> _Exercise_
In your copy, leave out the pictures and reproduce the listing below exactly.
(Beginning of Given material)
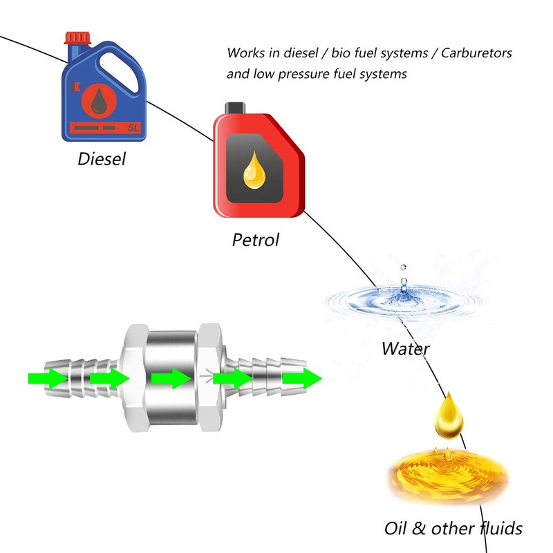 - Professional check valve – suitable for automatic carburettors and low-pressure fuel systems, petrol or diesel disposable fuel valves. Suitable for petrol, diesel, bio / vegetable oil, paraffin / kerosene etc.
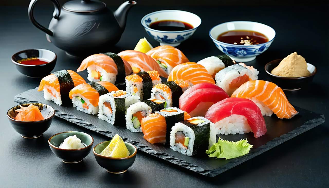 рис для суши, водоросли нори, лосось, угорь, огурцы, сливочный сыр, темпурная панировка
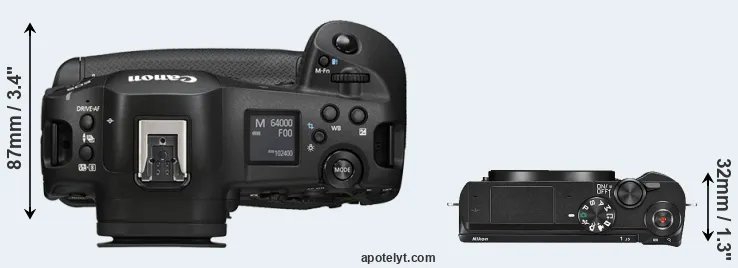 An illustration of the physical size and weight of the Canon R1 and the Nikon 1 J5 is provided in the side-by-side display below. The two cameras are presented according to their relative size. Three consecutive views from the front, the top, and the rear side are shown. All width, height and depth measures are rounded to the nearest millimeter.
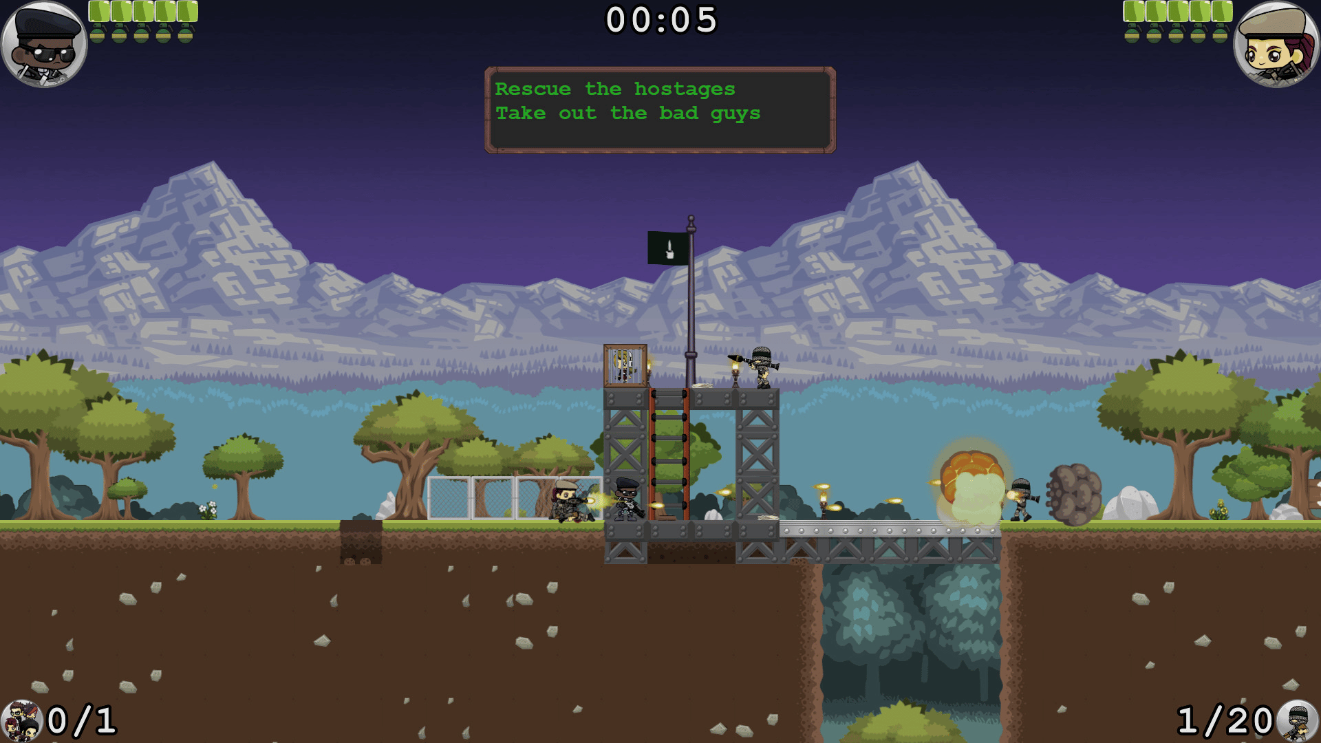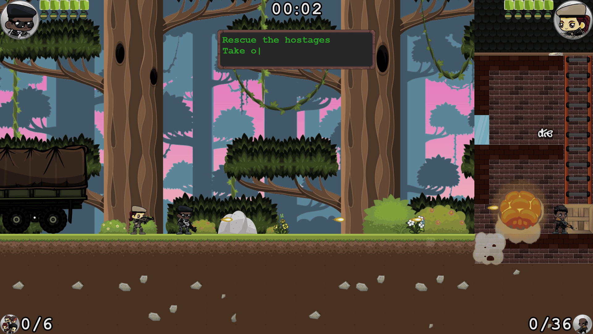 Fortune & Gloria is an action platformer where you and a friend (optional) save the day in procedurally generated missions! Grab your trusty assault rifle, a handful of grenades, and join Nate "Fortune" Cobb and Gloria Guerrero on a mission to rescue hostages, take out the bad guys and blow stuff up!
(End of Given material)
> _Output for this exercise_
 - Professional check valve – suitable for automatic carburettors and low-pressure fuel systems, petrol or diesel disposable fuel valves. Suitable for petrol, diesel, bio / vegetable oil, paraffin / kerosene etc.
 рис для суши, водоросли нори, лосось, угорь, огурцы, сливочный сыр, темпурная панировка
 An illustration of the physical size and weight of the Canon R1 and the Nikon 1 J5 is provided in the side-by-side display below. The two cameras are presented according to their relative size. Three consecutive views from the front, the top, and the rear side are shown. All width, height and depth measures are rounded to the nearest millimeter.
 Fortune & Gloria is an action platformer where you and a friend (optional) save the day in procedurally generated missions! Grab your trusty assault rifle, a handful of grenades, and join Nate "Fortune" Cobb and Gloria Guerrero on a mission to rescue hostages, take out the bad guys and blow stuff up!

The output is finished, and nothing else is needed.